A FRIDAY I’LL NOT SOON FORGET
Saturday, November 26, 2022
I’ve never been a believer in omens.
Or karma.
Or good luck vs. bad luck.
It’s easy to label things as one of those after they’ve happened, but I don’t see reality as something we can predict or determine in that way. Still, looking back on many things, we can see the crooked path, the connections we built, and the seeds of folly we planted.
I certainly can.
Some days work out better than others, sometimes by accident, but more often because of things we’ve done the day before or many days before. There is no way to know which chickens came before which eggs …
The magic, the exciting feeling, is rarely accidental or coincidental on its own or in some omen or karma-esque fashion as much as they are the confluence of events, choices and consequences. Sometimes things grow from seeds of ideas we planted or tangential consequences of following up on a conversation or when we fail to take the next step.
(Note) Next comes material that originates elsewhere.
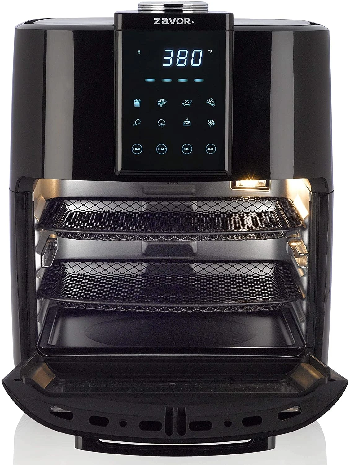 The Zavor Crunch Air Fry Oven replaces a traditional air fryer, grill, rotisserie, dehydrator, toaster oven, roaster, and a convection oven to bring you one multifunctional powerhouse. Its 12.7 Qt. capacity provides more room for more food and better results. Air Frying is Healthier than traditional Deep Frying and Faster than Conventional Oven baking. Eliminate the need for hot oil and rely on just hot air circulating around the food to achieve the same or better crispy, fried feeling. Its convection technology allows requiring little to no pre-heating time, unlike traditional ovens.

Yesterday was one of those days.
It began with something good, not insignificant, but valuable and the result of previous attempts – something where I dropped the ball, or maybe he did, or someone I’m unaware of caused a change of heart, and then someone changed it again. Getting something back on track might have been because of what I did/said or not. In any case, it is. It was. I’m happy. Some great lessons learned. In any event, confidence restored that perseverance pays off. That’s the second of those moments of ‘ah, that proves it’ in recent experience.
And time, sadly, to write a condolence note to someone I know, and a Musing reader too, about the death of his mother.
My start was neither visceral nor wildly euphoric, but nothing was going to be mediocre; it seemed a start to a theory-proving day when effective communication or correcting miscommunications was more noticeable than usual and essential more than ever.
Still, my day began with a head full of memories and a belly full of anxieties.
The anxieties – something pivotal will be resolved or at least improved/fixed today. Or not. Hopeful, but nothing is inevitable when we don’t know what might unfold. Afterward, we can explain it easily, knowing how all the ingredients factored, fit, and folded together – but we can never predict outcomes at the start of the day.
And, the memories, of twelve years ago, on a beach in Mexico at an all-inclusive resort – attending a wedding. My daughter Carla married Chad; since then, they’ve built a solid life together, and their children, my grandchildren, are spectacular. Isla and Alex are extraordinary in all the ways every grandparent’s grandchildren are spectacular, but because they are the loving consequences of that wedding we took part in, a group together for a week, and a wedding on that beach.
These good news and happy memories are great ways to start any day.
The events of they were to unfold as the day would be played out. Like most days, many things are routine and unpredictable, but if there is such a thing as karma, it seemed to be starting out well. As for all other matters of the day.
The big anxiety element of the day, solving a group of related cause/effect problems, ended well; not perfectly or as well expected, but far better than the worst case outcome I feared …
As a day, few compare to this one – not so much for all the consequences, but for the wide range of tugging on emotions, memories and reminders of why some things work out better than others.